The new policy decisions mean the reforms will be implemented as of the 1st of April 2013 and they basically curb ‘no win no fee’ claims. The key reforms are as so;
• Lawyers will no longer be able to recover after the fact costs and success fees.
• General damages will rise by 10%.
• In personal injury cases, success fees will be limited to 25% of the damages
While two of the key reform points are aiming to making the successful client better off than they would be before the reform com into place, the first reform rules out ‘no win no fee’ claims. With some claimants only taking their cases to court due to the fact that if they do not win, they pay no fees, there will probably be a fall in the number of cases that will make it to court.
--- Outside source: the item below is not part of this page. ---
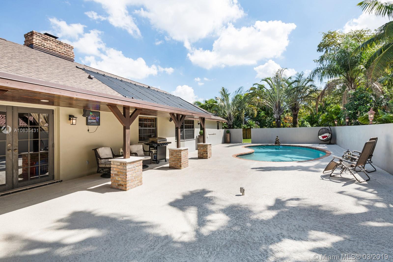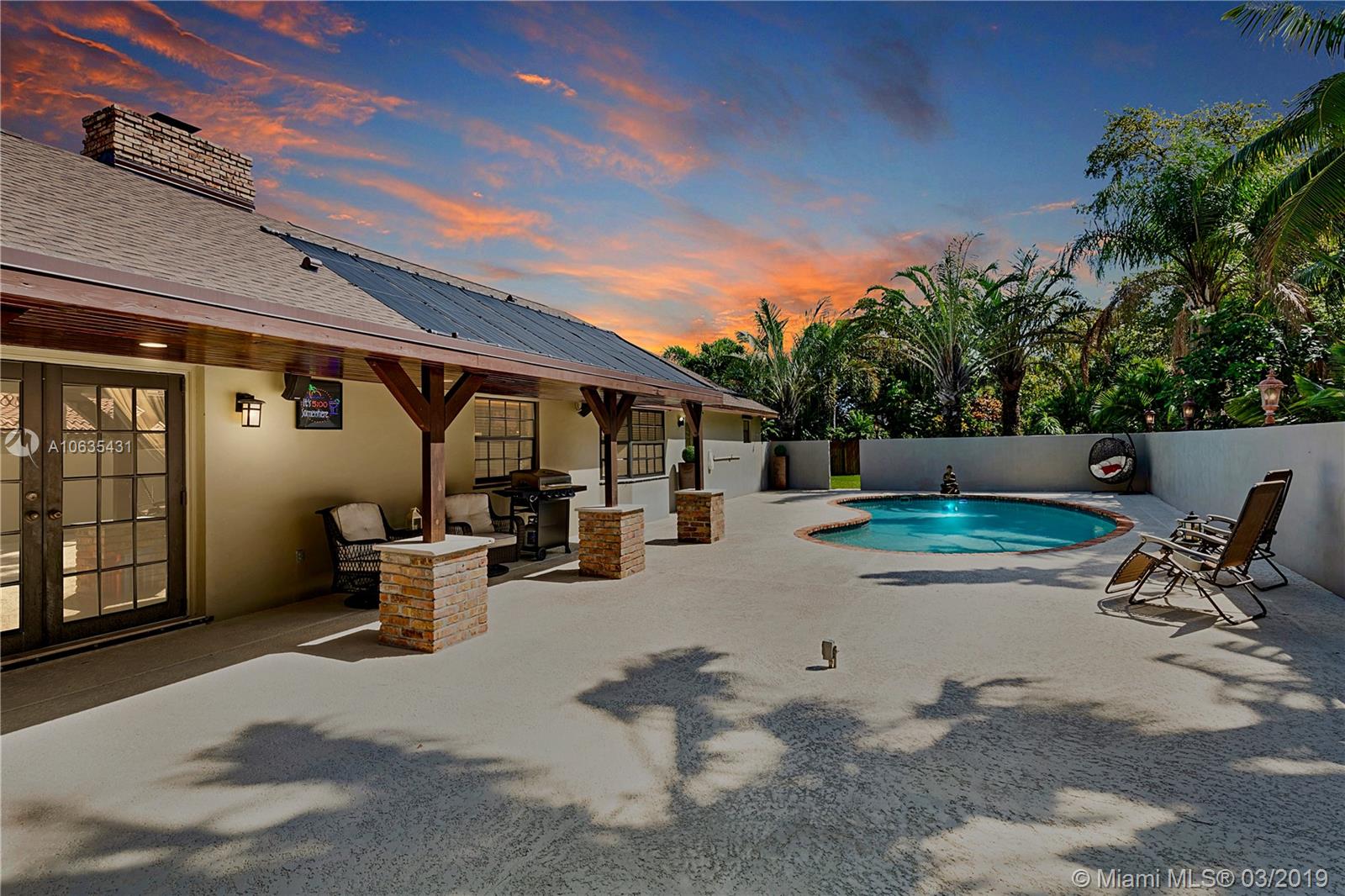 THE SEARCH IS NOW OVER! This ONE OF A KIND spectacular 5 bedroom 3 bathroom home with a pool sits on an oversized pie shaped lot at the center of a private cul-de-sac. Custom designed home that offers a split floor plan (in law living quarters with own bathroom), Specially designed indoor and outdoor gorgeous brick fireplaces. BRAND NEW ROOF, HURRICANE IMPACT WINDOWS, BRAND NEW AC/AIR DUCTS, BRAND NEW SOLAR PANEL/POOL PUMP, 24X24 Porcelain tile flooring, BRAND NEW ENGINEERED WOOD FLOORING in rooms, BRAND NEW WATER HEATER. CUSTOM BUILT Wet Bar! Master Bath/2nd bathroom all redone. 2 car garage, NEW landscaping + fencing, SURROUND SOUND SPEAKER INDOOR AND OUTDOOR, SMART HOME (RING DOOR BELL/SMART SWITCHES/ 24/7 Camera surveillance), Two separate oversized yards! OVER $200,000 in upgrades!!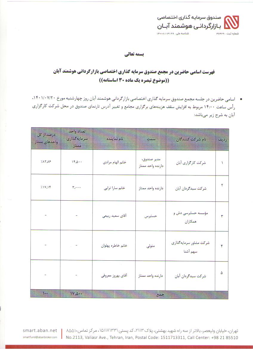 اسامی حاضرین در مجمع صندوق سرمایه گذاری اختصاصی بازارگردانی هوشمند آبان مورخ 1401/07/20 مربوط به افزایش سقف هزینه های برگزاری مجامع و تغییر آدرس تارنمای صندوق

A Ministry of Justice spokesperson said: “We are committed to reforming the ‘no win no fee’ system so that legal costs for reasonable compensation claims will be more proportionate, and avoidable claims will be deterred from going to court. This will help us to move away from the current unacceptable situation where, for example, the NHS paid £200m to claimants’ lawyers for compensation cases in 2010-11 – around three times more than it paid its own lawyers.
With no major reforms in the justice system for 15 years, supporters of the reforms may argue that the justice system is being exploited. However, by basically ruling out the ‘no win no fee’ claims, many people may view the reforms as denying access to justice for genuine victims who may not take their cases to court in case they lose and have to pay expensive lawyer fees.